Running Kubernetes on Kubernetes in Docker (KinD)

This tutorial will focus on using a tool called kind, also known as “Kubernetes IN Docker”.

If you haven’t installed them already, go ahead and install Docker, install kind, and install kubectl.

You’ll need kubectl to interact with the cluster once it’s created.

Create a cluster

Once Docker, kind, and kubectl are installed, create a cluster with kind:

$ kind create cluster

This will create a cluster with a single node - perfect for local development.
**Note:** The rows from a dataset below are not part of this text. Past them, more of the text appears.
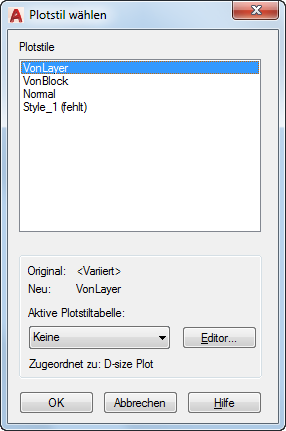 Zeigt die verfügbaren Plotstile an, einschließlich des Standardplotstils NORMAL. Ein Plotstil besteht aus einer Sammlung von Eigenschaften, die beim Plotten angewendet werden.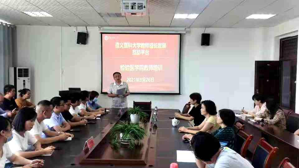 为贯彻落实党中央、国务院《关于全面深化新时代教师队伍建设改革的意见》和《深化新时代教育评价改革总体方案》,加强检验医学院新时代高校教师队伍建设改革,促进教师专业成长,提升师资队伍素质,实现学院全面和可持续发展。检验医学院党委罗开源书记、林世德院长于9月26日在新蒲校区检验医学院会议室为全院47名中青年及骨干教师开展培训;同时学院还邀请基础医学院党委书记、人文医学研究中心研究员龙艺教授开展题为“从无声到有声 无为到有为”的讲座,会议由学院党委罗开源书记主持。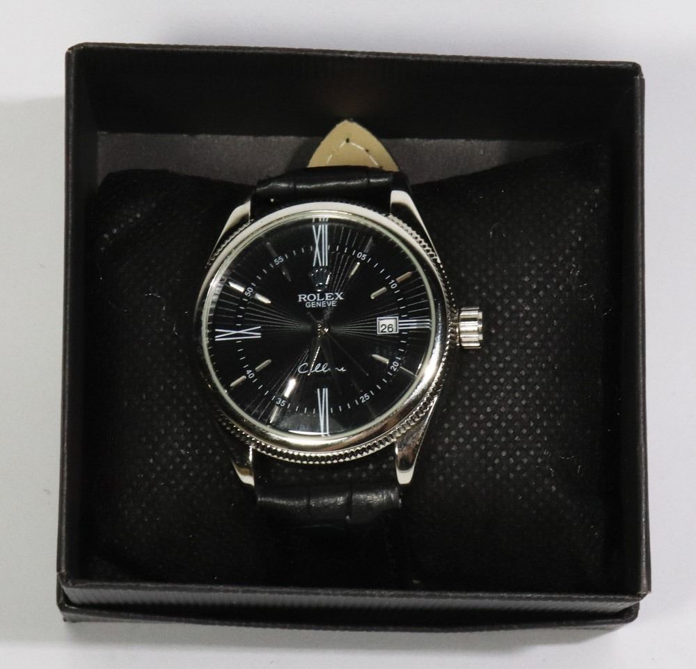 STAINLESS STEEL BACK WATER RESISTANT GENUINE LEATHER STRAP BLACK FACE-JEWELRY
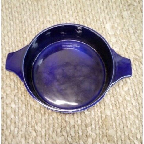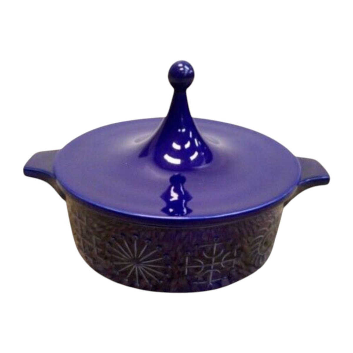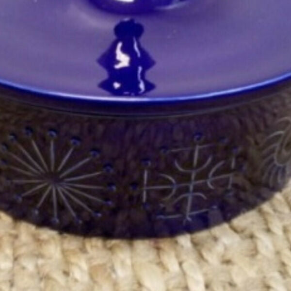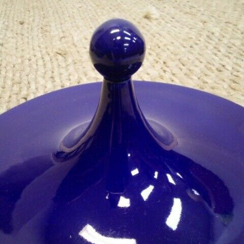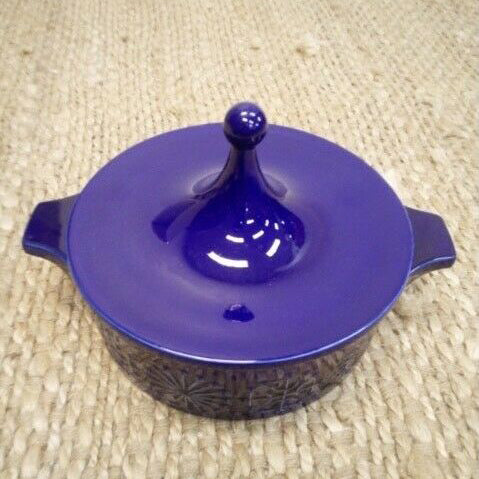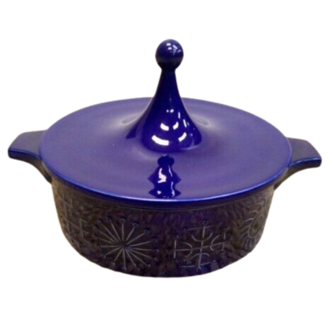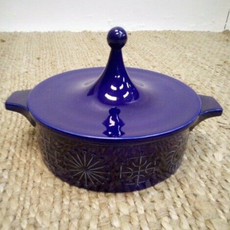 Circa 1960s this stunning example of English Studio Pottery is by Susan Williams Ellis for the Portmeirion Studio. The pattern/ decor/ range is called ‘Totem’ and various dinner services and cookware etc come in a range of colours. The cobalt blue glaze is the most coveted and collectable and thus much harder to come by. This Casserole Dish is even harder to find as the elegant lids were often broken! This example is in fabulous condition no chips or cracks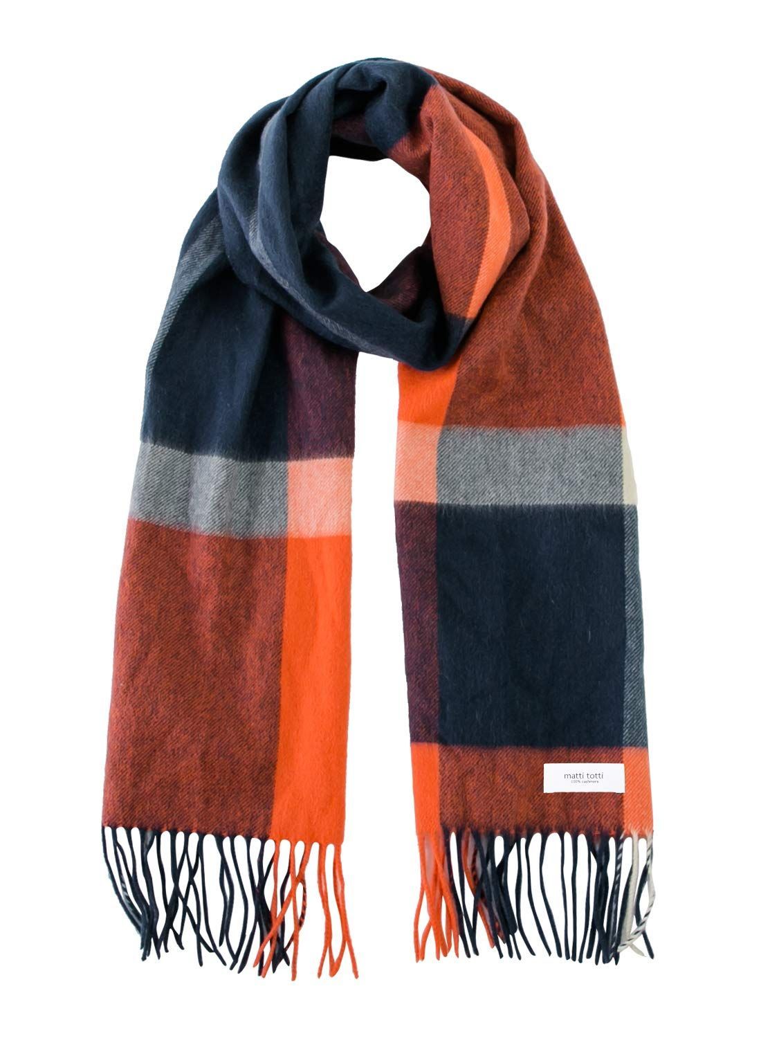 F_ネイビー オレンジ matti totti ネイビー×オレンジ カシミヤ マフラー カシミア 大判 厚手 メンズ チェック柄 チェック ストール 100 男性 ロング リバーシブル カシミヤマフラー カシミアマフラー ギフト プレゼント B 0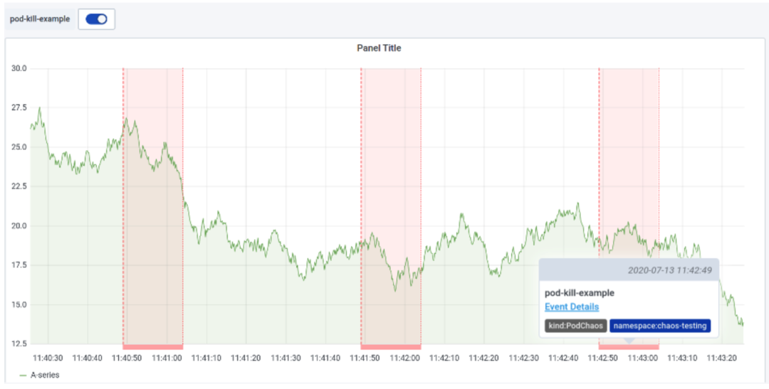 Chaos Mesh 为了进一步提高混沌实验的可观测性,单独开发了 Grafana 插件,方便用户直接将混沌实验的运行信息展示在自己的监控面板上。用户在 Grafana 上安装了此插件后,可以直接在应用的监控面板上开启混沌实验信息按钮,此时混沌实验的相关信息会以 Annotations 的方式在当前的面板上展示出来,这样用户就可以在一个界面上同时观察到应用的运行情况以及当前运行的混沌实验信息。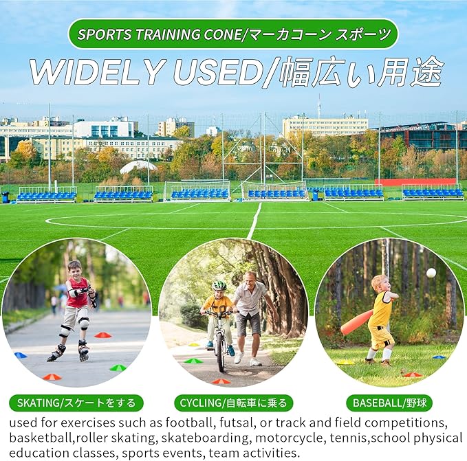 ✅サッカー マーカー用途が広い:サッカー、野球、テニス、陸上、ローラースケート、フットサルなどの各種スポーツに適用する。自転車やバイク、ドローンでの練習にも使えます。目標、距離、エッジ、境界マーカー、障害物、訓練速度、正確性、敏捷性を設定するために使用されます。学校、運動会、団体競技や部活の理想的な選択です。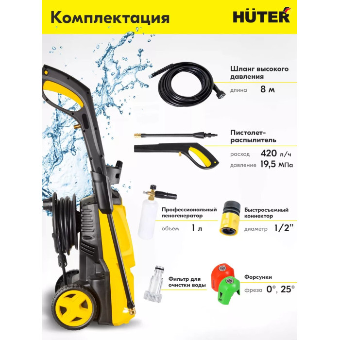 Мойка высокого давления. Пистолет-распылитель разборный. Шланг высокого давления. Пеногенератор. Игла для очистки сопла. Сменные форсунки. Фильтр. Быстросъёмный коннектор для шланга подачи воды. Руководство по эксплуатации.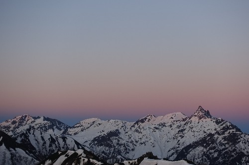 二日ぶりに晴れました。日の出前、気温は氷点下まで下がり、凛とした空気に包まれて、槍ヶ岳の上の西の空は、ほんのりピンク色になり、それが刻々と変わっていき、とても素敵な朝を迎えました。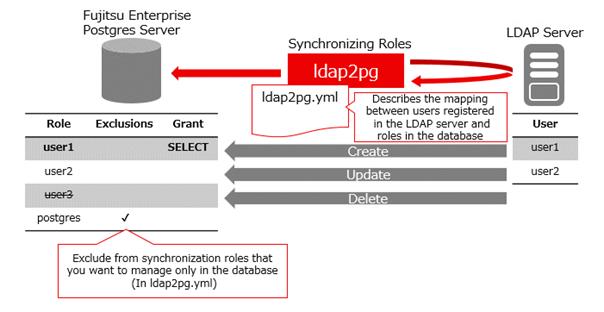 ldap2pg allows users registered with the LDAP server to be synchronized with Fujitsu Enterprise Postgres roles, so that the above database server roles can be created automatically. This allows you to centrally manage roles on the LDAP server. Note that ldap2pg only supports Linux.

You should see output similar to the following:

Creating cluster "kind" ...
 ✓ Ensuring node image (kindest/node:v1.17.0) 🖼
 ✓ Preparing nodes 📦
 ✓ Writing configuration 📜
 ✓ Starting control-plane 🕹️
 ✓ Installing CNI 🔌
 ✓ Installing StorageClass 💾
Set kubectl context to "kind-kind"
You can now use your cluster with:

kubectl cluster-info --context kind-kind

Have a nice day! 👋

Now we can interact with our cluster! Try that out now:

$ kubectl cluster-info
Kubernetes master is running at https://127.0.0.1:32768
KubeDNS is running at https://127.0.0.1:32768/api/v1/namespaces/kube-system/services/kube-dns:dns/proxy

To further debug and diagnose cluster problems, use ‘kubectl cluster-info dump’.